Metalepsis
Metalepsis is a compressed allusive move in which a brief citation or echo evokes a wider scriptural context, inviting readers to supply the larger narrative or argument behind the short reference.
Metalepsis is a compressed allusive move in which a brief citation or echo evokes a wider scriptural context, inviting readers to supply the larger narrative or argument behind the short reference.
Metalepsis is a compressed allusive move in which a brief citation or echo evokes a wider scriptural context, inviting readers to supply the larger narrative or argument behind the short reference.
Metalepsis refers to the use of a short citation, phrase, or verbal cue to summon the wider context of an earlier text. Rather than functioning as a bare excerpt, the fragment invites the reader to hear the larger narrative, poem, or argument behind it. In biblical interpretation, the category helps explain how a small textual signal can carry substantial theological weight.
Biblical writers sometimes quote or allude to only a few words while expecting the reader to recall the broader scriptural setting. This practice helps explain why terse citations can do more work than their surface length suggests.
Ancient rhetorical and literary culture assumed a degree of textual memory and audience competence. Metalepsis therefore belongs to a world in which brief citation could activate a much larger field of meaning.

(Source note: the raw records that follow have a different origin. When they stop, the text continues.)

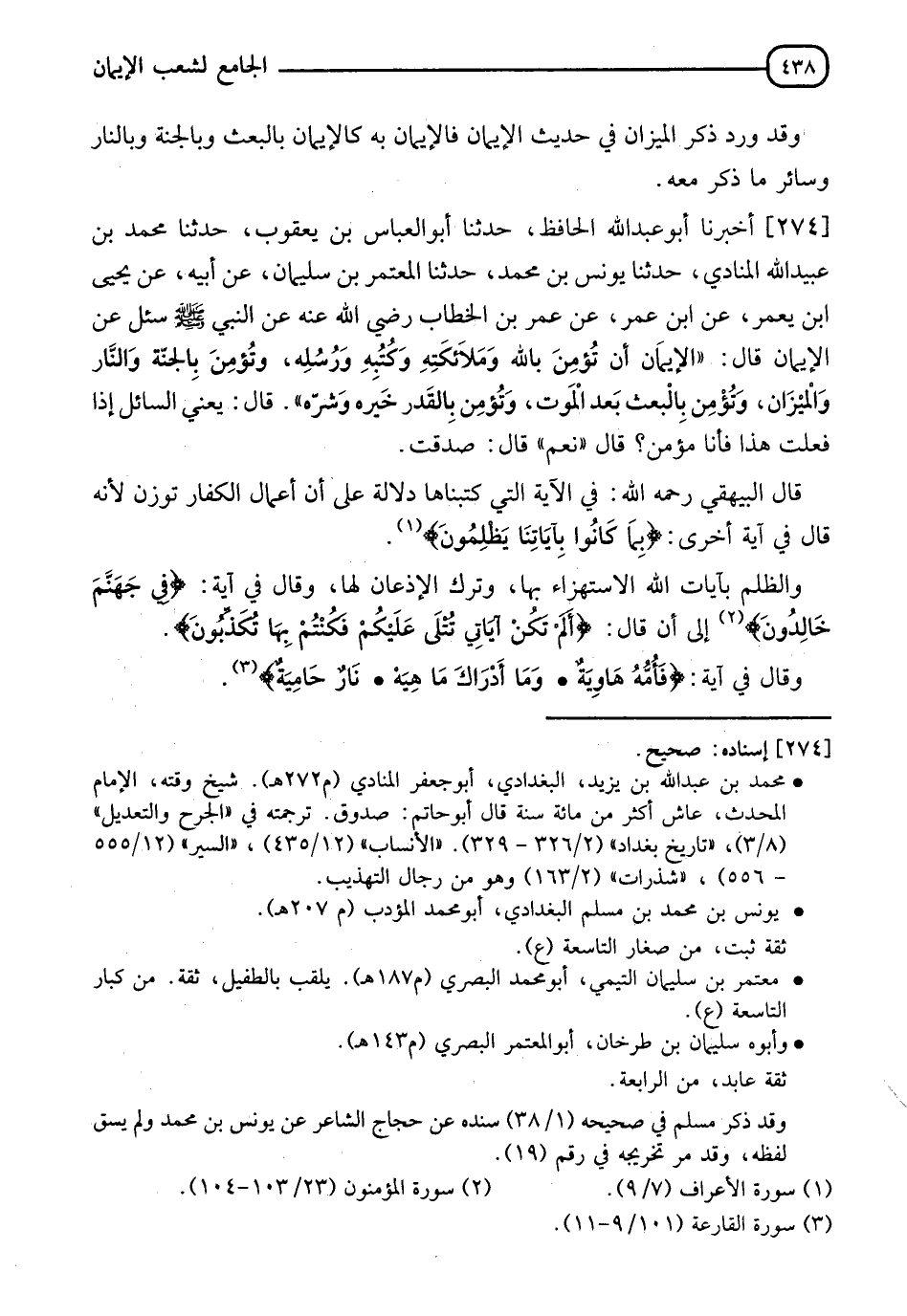 274 - أَخْبَرَنَا أَبُو عَبْدِ اللهِ الْحَافِظُ، حدثنا أَبُو الْعَبَّاسِ بْنُ يَعْقُوبَ، حدثنا مُحَمَّدُ بْنُ عَبْيدِ اللهِ الْمُنَادِي، حدثنا يُونُسُ بْنُ مُحَمَّدٍ، حدثنا الْمُعْتَمِرُ بْنُ سُلَيْمَانَ، عَنْ أَبِيهِ، عَنْ يَحْيَى بْنِ يَعْمَرَ، عَنِ ابْنِ عُمَرَ، عَنْ عُمَرَ بْنِ الْخَطَّابِ رَضِيَ اللهُ عَنْهُ، عنِ النَّبِيِّ صَلَّى اللَّهُ عَلَيْهِ وَسَلَّمَ سُئِلَ عَنِ الْإِيمَانِ قَالَ: " §الْإِيمَانُ أَنْ تُؤْمِنَ بِاللهِ، وَمَلَائِكَتِهِ، وَكُتُبِهِ وَرُسُلِهِ، وَتُؤْمِنَ بِالْجَنَّةِ وَالنَّارِ، وَالْمِيزَانِ، وتُؤْمِنَ بِالْبَعْثِ بَعْدَ الْمَوْتِ، وَتُؤْمِنَ بِالْقَدَرِ خَيْرِهِ وَشَرِّهِ ". قَالَ - يَعْنِي السَّائِلَ -: إِذَا فَعَلْتُ هَذَا فَأَنَا مُؤْمِنٌ؟ قَالَ: " نَعَمْ ". قَالَ: صَدَقْتَ قَالَ الْبَيْهَقِيُّ رَحِمَهُ اللهُ: " فِي الْآيَةِ الَّتِي كَتَبْنَاهَا دَلَالَةٌ عَلَى أَنَّ أَعْمَالَ الْكُفَّارِ تُوزَنُ لِأَنَّهُ قَالَ فِي آيَةٍ أُخْرَى: {بِمَا كَانُوا بِآيَاتِنَا يَظْلِمُونَ} [الأعراف: 9]، وَالظُّلْمُ بِآيَاتِ اللهِ الِاسْتِهْزَاءُ بِهَا، وَتَرْكُ الْإِذْعَانِ لَهَا، وَقَالَ فِي آيَةٍ: {فِي جَهَنَّمَ خَالِدُونَ} [المؤمنون: 103] إِلَى أَنْ قَالَ: {أَلَمْ تَكُنْ آيَاتِي تُتْلَى عَلَيْكُمْ فَكُنْتُمْ بِهَا تُكَذِّبُونَ} [المؤمنون: 105]، وَقَالَ فِي آيَةٍ: {فَأُمُّهُ هَاوِيَةٌ وَمَا أَدْرَاكَ مَا هِيَهْ نَارٌ حَامِيَةٌ} [القارعة: 10]، -[439]- وَهَذَا الْوَعِيدُ بِالْإِطْلَاقِ لَا يَكُونُ إِلَّا لِلْكُفَّارِ، فَإِذَا جُمِعَ بَيْنَهُ وَبَيْنَ قَوْلِهِ: {وَإِنْ كَانَ مِثْقَالَ حَبَّةٍ مِنْ خَرْدَلٍ أَتَيْنَا بِهَا} [الأنبياء: 47] ثَبَتَ أَنَّ الْكُفَّارَ يُسْأَلُونَ عَنْ كُلِّ مَا خَالَفُوا بِهِ الْحَقَّ مِنْ أَصْلِ الدِّينِ وَفُرُوعِهِ، إِذْ لَوْ لَمْ يُسْأَلُوا عَمَّا وَافَقُوا فِيهِ أَصْلَ تَدَيُّنِهِمْ مِنْ ضُرُوبِ تَعاطِيهِمْ، وَلَمْ يُحَاسَبُوا بِهَا لَمْ يُعْتَدَّ بِهَا فِي الْوَزْنِ أَيْضًا، وَإِذَا كَانَتْ مَوْزُونَةً فِي وَقْتِ الْوَزْنِ دَلَّ ذَلِكَ عَلَى أَنَّهُم مُحَاسَبُونَ بِهَا فِي مَوْقِفِ الْحِسَابِ وَاللهُ أَعْلَمُ، وَهَذَا عَلَى قَوْلِ مَنْ قَالَ فِي الْكُفَّارِ أَنَّهُمْ مُخَاطَبُونَ بِالشَّرَائِعِ، وَهُوَ الصَّحِيحُ لِأَنَّ اللهَ عَزَّ وَجَلَّ يَقُولُ: {وَوَيْلٌ لِلْمُشْرِكِينَ الَّذِينَ لَا يُؤْتُونَ الزَّكَاةَ} [فصلت: 6] فَتَوَعَّدَهُمْ عَلَى مَنْعِ الزَّكَاةِ وَأَخْبَرَ عَنِ الْمُجْرِمِينَ أَنَّهُمْ يُقَالُ لَهُمْ {مَا سَلَكَكُمْ فِي سَقَرَ قَالُوا: لَمْ نَكُ مِنَ الْمُصَلِّينَ، وَلَمْ نَكُ نُطْعِمُ الْمِسْكِينَ، وَكُنَّا نَخُوضُ مَعَ الْخَائِضِينَ، وَكُنَّا نُكَذِّبُ بِيَوْمِ الدِّينِ حَتَّى أَتَانَا الْيَقِينُ} [المدثر: 42] فَبَانَ بِهَذَا أَنَّ الْمُشْرِكِينَ مُخَاطَبُونَ بِالْإِيمَانِ بِالْبَعْثِ، وَبِإِقَامِ الصَّلَاةِ وَإِيتَاءِ الزَّكَاةِ، وَأَنَّهُمْ مَسْئُولُونَ عَنْهَا مُخَاطَبُونَ بِهَا مُجْزَوْنَ عَلَى مَا أَخَلُّوا بِهِ مِنْهَا وَاللهُ أَعْلَمُ، وَاخْتَلَفُوا فِي كَيْفِيَّةِ الْوَزْنِ، فَذَهَبَ ذَاهِبُونَ إِلَى أَنَّ الْكَافِرَ قَدْ يَكُونُ مِنْهُ صِلَةُ الْأَرْحَامِ وَمُوَاسَاةُ النَّاسِ، وَرَحْمَةُ الضَّعِيفِ وَإِغاثةُ اللهْفَانِ، وَالدَّفْعُ عَنِ الْمَظْلُومِ، وَعِتْقُ الْمَمْلُوكِ، وَنَحْوُهَا مِمَّا لَوْ كَانَتْ مِنَ الْمُسْلِمِ لَكَانَتْ بِرًّا وَطَاعَةً فَمَنْ كَانَ لَهُ أَمْثَالُ هَذِهِ الْخَيْرَاتِ مِنَ الْكُفَّارِ، فَإِنَّهَا تُجْمَعُ وَتُوضَعَ فِي مِيزَانِهِ لِأَنَّ اللهَ تَعَالَى قَالَ: {فَلَا تُظْلَمُ نَفْسٌ شَيْئًا} [الأنبياء: 47] فَتَأْخُذُ مِنْ مِيزَانِهِ شَيْئًا غَيْرَ أَنَّ الْكُفْرَ إِذَا قَابَلَهَا رَجَ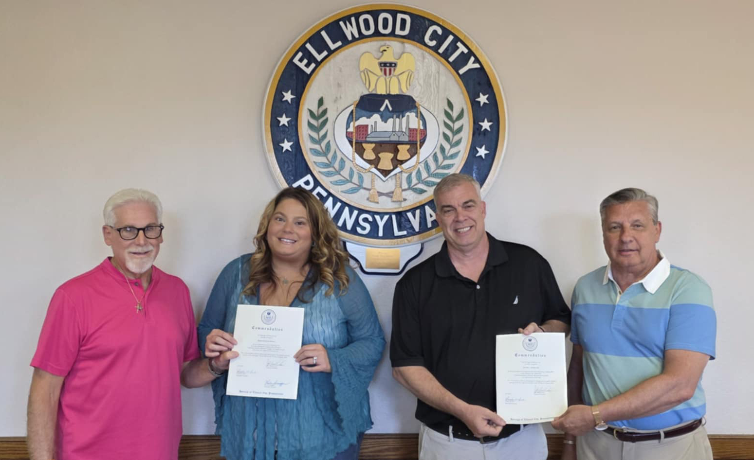 Ellwood City Borough Council President, Brad Ovial, presented commendations to two borough employees for their work on the recent Innovative Readiness Training (IRT) initiative during Council’s recent regular meeting.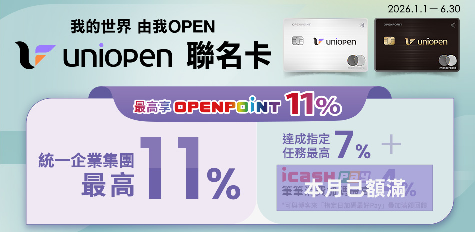 本活動限直接使用中國信託uniopen聯名卡、或使用中國信託uniopen聯名卡綁定icash Pay支付,不適用綁定其他行動錢包支付(如:、OPEN錢包、LINE Pay、台灣行動支付等)等交易。活動期間訂單以實際完成結帳流程之訂購時間為準,交易金額須單筆全額支付(不含分期付款、紅利折抵、或其他本行提供之折扣活動)方可符合回饋資格,單筆訂單恕不累計、不同訂單恕不累計贈送。OPENPOINT點數回饋計算方式為「實際交易金額×點數回饋倍率」,計算至小數點後第二位(依小數點後第三位四捨五入計)。

Jewish scriptural interpretation often relied on memorized texts, liturgical hearing, and thematic association, making broader recall plausible. Early Christian writers inherit that environment and use it christologically.
Metalepsis is a rhetorical term from classical literary theory. In biblical studies it serves descriptively for allusions that invite retrieval of a larger source context.

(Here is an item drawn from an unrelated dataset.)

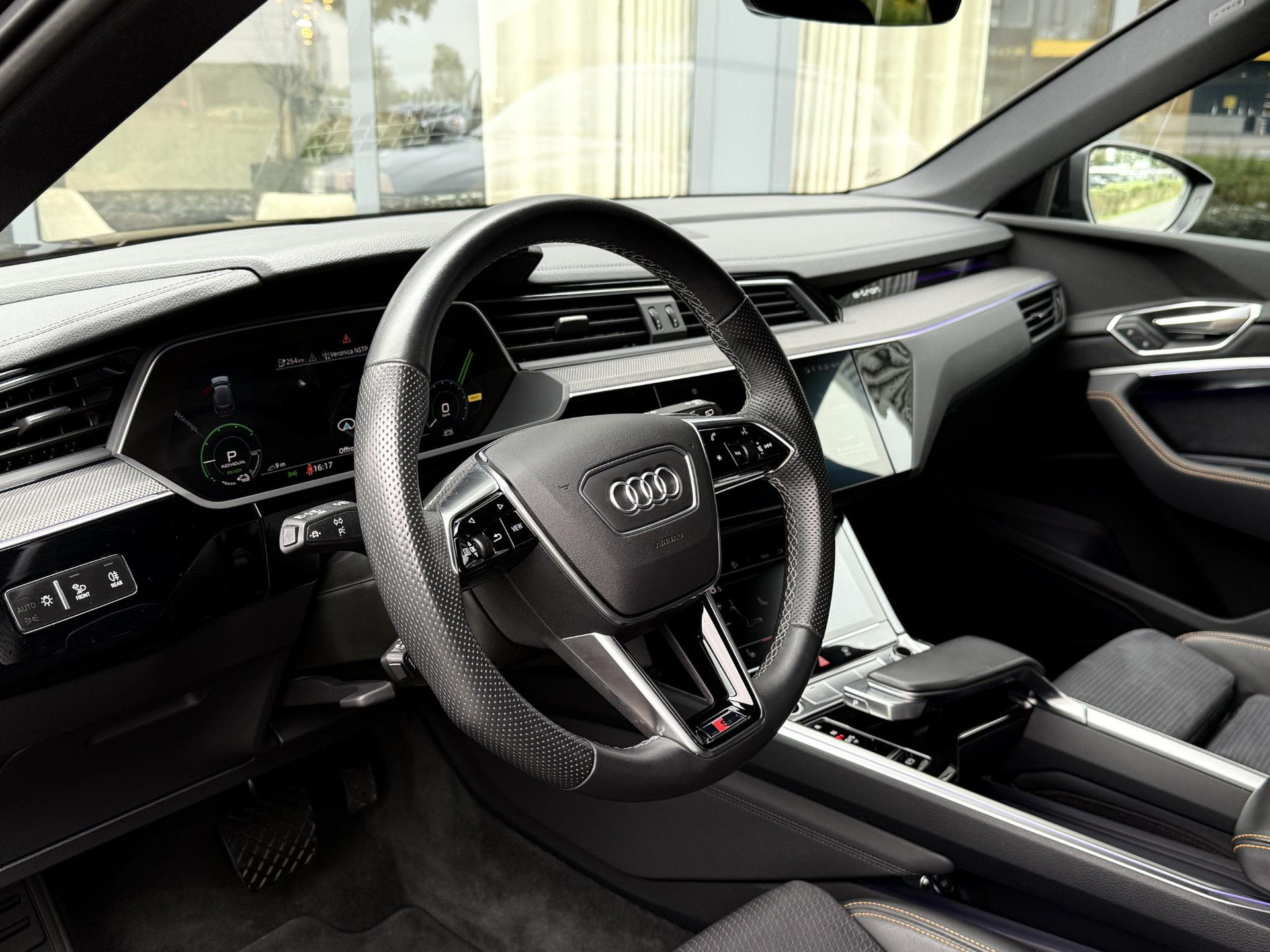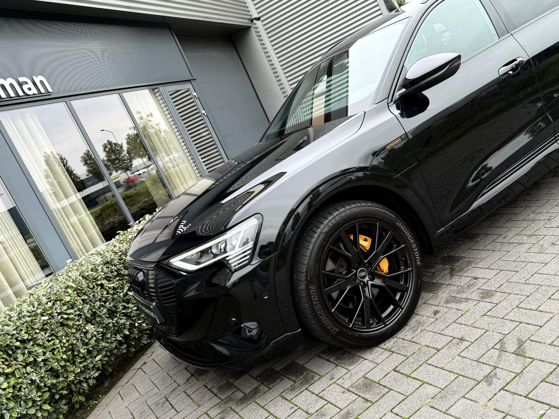Alleen deze week van *** EUR 39.950,- voor EUR 38.950,- *** In zeer nette staat verkerende, van eerste eigenaar afkomstige Audi E-Tron Quattro. Rechtstreeks bij Audi Duitsland afkomstig, niet in gerookt en uitgevoerd in unieke Black Edition Uitvoering! Voorzien van S line interieur en S line exterieur, Black optiek exterieur pakket met hoogglans zwarte details en 21 inch hooglans zwarte S line velgen, E-Tron geel/ oranje remklauwen/ sitcksels en gordels, privacy glas af fabrieks, sfeerverlichting (naar kleur instelbaar), Quattro vierwielaandrijving, Luchtvering (hoogte instelbaar), stoelverwarming, snellaad functie, elec. achterklep, Matrix LED Verlichting, zwarte hemelbekleding, 2 x laadkabel aanwezig, 2 x sleutel, historie aanwezig, Audi accu garantie t/m 12 - 2030, 75% wegenbelasting korting, prijs is rijklaar incl BTW en 1 jaar volledige garantie. TOPSTAAT!

Metalepsis matters because it reminds readers that Scripture can speak with compressed density. A short citation may point beyond itself to a whole theological pattern that strengthens exegesis and biblical theology.
The category asks how fragments can represent wholes and how memory enlarges meaning. Metaleptic reading assumes that texts exist within networks of association that attentive readers can responsibly retrieve.
Do not claim metalepsis wherever a verbal resemblance appears. The invoked larger context must be textually and thematically plausible, and readers should resist using the label to validate speculative connections.
Debate often concerns how much audience recall should be assumed and how strongly one can argue that a broader context is intended. The soundest proposals show dense textual fit rather than imaginative possibility alone.
Metalepsis should deepen careful reading of Scripture's coherence without encouraging esoteric interpretations detached from the text. It remains a tool of exegesis, not a license for uncontrolled symbolism.
Practically, the category teaches readers to revisit Old Testament contexts whenever the New Testament cites them briefly and to ask what larger scriptural world may be in view.